Prasugrel is an oral and irreversible third-generation thienopyridine that shows good potential as an alternative to clopidogrel therapy. Similar to clopidogrel, prasugrel is a prodrug requiring biotransformation to an active metabolite via the CYP system. However, a recent analysis of data from the phase III Trial to Assess Improvement in Therapeutic Outcomes by Optimizing Platelet Inhibition with Prasugrel Thrombolysis In Myocardial Infarction 38 (TRITON-TIMI 38) study (NCT00097591) has shown that, unlike clopidogrel, the common functional genetic variants in CYP genes have no effect on active prasugrel metabolite levels, the resulting platelet reactivity or clinical cardiovascular event rates among patients receiving the drug.78 While prasugrel has been shown to induce more rapid and more potent platelet inhibition compared with clopidogrel,21,79,80 this improvement in clinical efficacy comes at the expense of excess bleeding among patients with ACS undergoing PCI.21 However, no such increase in bleeding was observed among subsets of patients with diabetes81 or ST-segment- elevation myocardial infarction (STEMI).82 Data from a recent study suggest that pharmacodynamic and genetic information may have clinical relevance in overcoming clopidogrel resistance and avoiding ischaemic and bleeding events among high-risk patients.83 However, this study is limited by its very small size (n=7) and the specific characteristics in the selected patients: all patients had STEMI and exhibited clinical resistance (stent thrombosis on clopidogrel treatment) and biological resistance (high platelet aggregation). Additionally, four of the seven patients had a history of MI, and six patients were CYP2C19*2 carriers.
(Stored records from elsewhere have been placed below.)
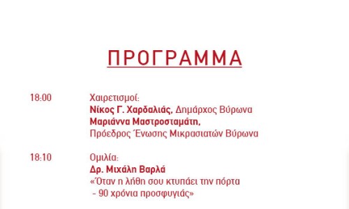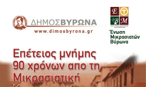 Εκδήλωση για τα 90 χρόνια από τη Μικρασιατική Καταστροφή διοργανώνει την Τετάρτη 19 Δεκεμβρίου, στις 6 το απόγευμα, στο Δημοτικό Κινηματογράφο «Νέα Ελβετία» ο Δήμος Βύρωνα σε συνεργασία με την Ένωση Μικρασιατών Βύρωνα.
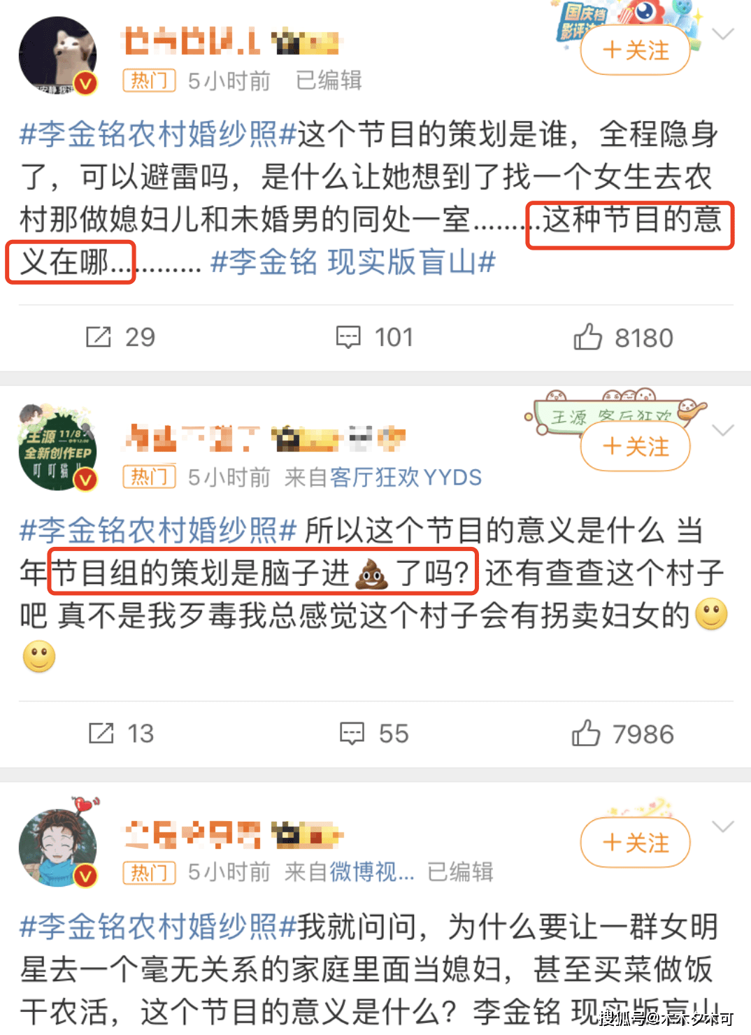 也有网友质疑做出这档节目的策划人,脑子是不是进水了?这样的节目意义在哪里?如此歹毒!
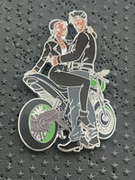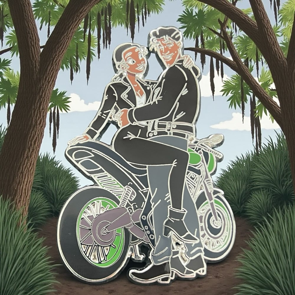 The eighth design in the Biker series features Tiana and Naveen from The Princess and the Frog. Tiana is wearing a black leather jacket with black leather pants with her legs wrapped around Naveen. Naveen is also wearing a black leather jacket with jeans and biker boots. The motorcycle is a "sporty" Kawasaki style motorcycle with a a color scheme related to The Princess and the Frog.
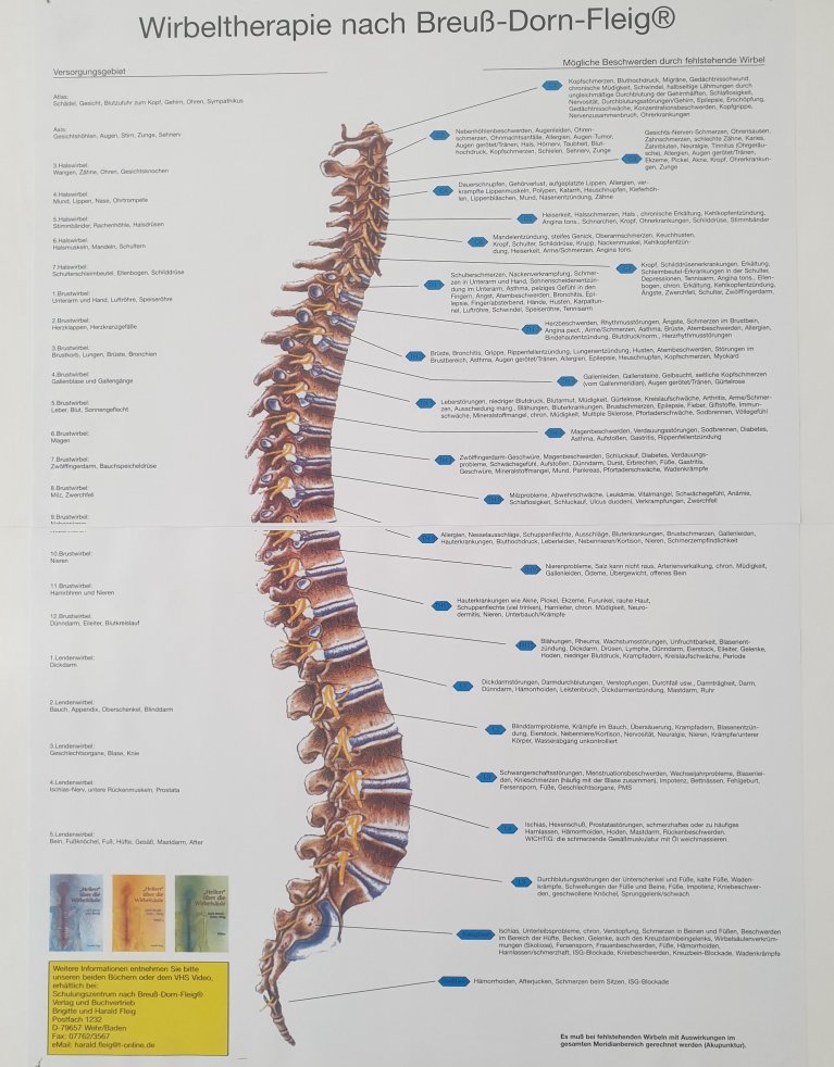 So wie bei der Reflexzonen-Therapie am Fuss, hat man das Selbe auch an der Wirbelsäule . Mit der Wirbelsäule-Therapie behandelt man geziehlt Bandscheibenvorfälle, Kreuzschmerzen, Hüftprobleme, und löst Schulter und Brust Verspannungen.

The novel non-thienopyridine P2Y12 ADP receptor antagonist ticagrelor (AZD 6140) has recently demonstrated its clinical potency. This agent acts directly on the P2Y12 receptor. Data from A Study of Platelet Inhibition and Patient Outcomes (PLATO) demonstrate significant reductions in the rate of cardiac death, MI or stroke with ticagrelor over clopidogrel among patients with ACS.84 Recent data from phase II studies also show that ticagrelor elicits a more rapid onset and offset of platelet inhibition compared with clopidogrel in patients with stable coronary artery disease (CAD) receiving concomitant aspirin therapy.85,86 The ability to rapidly and reversibly inhibit platelet reactivity makes ticagrelor an attractive new candidate in platelet inhibition therapy. However, the twice-daily dosing schedule of ticagrelor has raised concerns regarding patient compliance.
Genetic Testing to Predict Responsiveness
As previously mentioned, genetic factors have been proposed to influence patient responsiveness to antiplatelet therapies.28,29 Importantly, some genetic polymorphisms have been associated with cardiovascular complications and increased rates of major cardiovascular events.21,34,52–54 In particular, findings on CYP2C19 have been of the most interest, with the greatest consistency in the literature with regard to clopidogrel response. Moreover, there are strong prognostic implications for carriers of the allele receiving clopidogrel therapy.52–54,87 Carriage of the CYP2C19*2 allele is associated with significant excess mortality owing to increased risk of stent thrombosis among patients treated with clopidogrel following stent implantation.87,88 The presence of this polymorphism can therefore be interpreted as an independent predictor of recurrent events, especially in patients with ACS who have undergone stent PCI and are exposed to clopidogrel.88 While specific genetic polymorphisms are therefore known to affect clopidogrel response, there is ongoing debate as to whether these polymorphisms have a direct clinical impact, particularly among stable patients without stenting. This underscores that there is indeed merit in the use of genetic testing; the findings concerning CYP2C19*2 have prompted many to suggest genetic testing for this polymorphism to predict clopidogrel response. Genetic information about drug metabolism can be used to assist in subsequent clinical decisions regarding drug therapy, but this practice is not recommended as there is currently insufficient evidence to support the use of genetic testing in this way. This highlights the need for additional investigation and prospective studies to establish how to best treat patients based on their genotypes.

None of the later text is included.